Spaß an der Praxis

HASBORN/GROSSLITTGEN. Den Stukkateur-Beruf hat Carmen Böhnke von ihrem Vater übernommen. Die Entscheidung, die Meisterprüfung zu absolvieren und einen eigenen Betrieb zu gründen, fiel da schon wesentlich schwerer.

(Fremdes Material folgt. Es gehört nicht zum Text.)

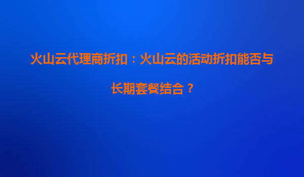 2025-09-19火山云代理商折扣:购买套餐时能否享受多重折扣? 在云计算服务日益普及的今天,选择一家稳定、高效且价格优惠的云服务提供商变得尤为重要。火山云作为国内领先的云计算平台之一,凭借其高性能的产品和完善的服务...

"Na, ziemlich dünn angerührt", sagt Carmen Böhnke zu ihrem Mitarbeiter an der Baustelle in Hasborn. Tatsächlich ist der Wasseranteil im Putz, den der junge Mann außen am Neubau aufträgt, ziemlich hoch. Aber die 31-jährige Chefin sagt es nicht kritisch streng, sondern freundschaftlich. Sie gehört einfach dorthin und dazu. Kooperation ist schließlich alles. Für Carmen Böhnke war das anfangs nicht so einfach. Den Stukkateursberuf hat sie von ihrem Vater übernommen. Stukkateure waren früher für die schönen, hohen Decken in den Villen und Bürgerhäusern zuständig. Weil die nicht mehr gebaut werden, kümmern sie sich jetzt um Putz, Trockenbau und den kniffligen Bereich Wärmedämmung. Nach dem Abitur stand das Studium der Innenarchitektur für die junge Frau an. Aber dann habe sie sich doch fürs Geldverdienen entschieden, sagt Carmen Böhnke halb im Scherz. Und ernsthafter: "Ich möchte keine Theorie, sondern habe immer Spaß an der Praxis gehabt." Für Bürotätigkeiten sei sie einfach nicht geeignet. Das hat sie als Bauleiterin in einer größeren Firma erfahren müssen. Weibliche Stukateurinnen sind dünn gesät. Das hat übrigens mit körperlichen Belastungen wenig zu tun. In diesem Beruf sei nur selten Kraft gefordert, dafür aber viel Geschicklichkeit und vor allem bei der Wärmedämmung auch einiges Wissen, sagt Carmen Böhnke. Sie war in der Lehre, bei der Meisterprüfung vor sieben Jahren und auf der Baustelle die einzige Frau.Immer am Ball bleiben

Wie sich die Kollegen verhalten haben? Da stutzt sie einen Moment und sagt dann diplomatisch, die meisten habe sie sehr nett gefunden. Obwohl Männer mehr lästerten und sie manchmal richtig wütend gewesen sei. Zweifel an ihrem Beruf seien ihr aber nie gekommen. Nach der Meisterprüfung und nach dem Intermezzo als Bauleiterin hat sie im Jahr 2001 ihre eigene Firma gegründet. Damals war sie 28 Jahre alt. Die Kreisverwaltung in Wittlich unterstützte sie nachhaltig und öffnete Wege zu Darlehen und Fördergeldern. Von Anfang an war die Auftragslage für sie "sehr gut". Aber man müsse natürlich am Ball bleiben. Im Sommer hat ihr Arbeitstag darum 14 Stunden. Denn nach der Arbeit auf der Baustelle geht es weiter: Abrechnungen, Angebote, Telefonate. Frau sein in dieser Männergesellschaft? Eigentlich kein Problem. Das öffne manchmal auch Türen. Und mit ihren fünf Mitarbeitern komme sie sehr gut aus. Man sei ohnehin ein Team.